Once I had an idea and sketch put together I researched some whale, giraffe, and pangolin images, then drew the whole thing into a composition. Okay, fact-check reality is the drawing was so huge that the two whales on the left were on one sheet of paper and the whale on the right was on another sheet, and the composition came together in Photoshop.

 Original composite drawing.

 Detail of whales on the left.

 Detail of Whale on the right.

After the drawing phase was complete, I set about finding textures that would work for all the different elements. For the whales, giraffes, and cephalopods, I referenced actual photos of the animals but altered the color and manipulated the shapes to fit within the drawing. I found other textures to fill in the nonorganic areas which were also color and shape manipulated. I then added shadows and highlights to all of the elements. Finally, I found and manipulated background elements to work in the composition.

 The art at this point.

I removed the pencil lines here so you can see what
the texture/color looks like without the pencil work.

Color/texture Progress from pencil to completion.

At this point I was really happy with the results. The problem was that this would not print well on a t-shirt. The idea was scrapped, as far as shirts go, and the image was added to my portfolio. 

On a whim, and mostly to see how it would score on Threadless, I submitted another design called "Speed is Relative" (see previous post) in this same non-print friendly style. It was my highest scoring design and it ended up printing months after it was submitted. They managed to print it beautifully. 

For this reason, I started considering submitting "T time" for scoring. I had to make the design blend into the tee better so I used a nice Photoshop brush to round and fade the bottom on the composition a little. It also made the composition more vertical, and less square, and brought more emphasis to the characters.

Design to be submitted?

I have not submitted the design. I was thinking it might work well in a drawing contest. I think I will get some feedback before I decide.
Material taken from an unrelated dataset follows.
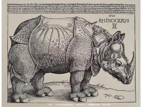 《犀牛》丢勒绘制(1515年)印制(1898年)32×25.5cm 木版画

Thanks for looking and let me know what you think.

Thursday, April 3, 2014

A Reprint at Threadless

 I never said it here but I was printed again at Threadless. In fact, it did so well that it was just reprinted.


Here is the screenshot.


Here is an image of the art from the submission called "Speed is Relative." It was originally on Olive green but it was actually printed on a natural colored tee. I bought a coupe and the print looks really amazing for a t-shirt print.


Click on either picture for details.


For good measure, I thought I would post the original drawing of the design. I drew it in pencil first, scanned it into the computer, and added digital color/texture (wizardry) to it.


As always, thanks for looking.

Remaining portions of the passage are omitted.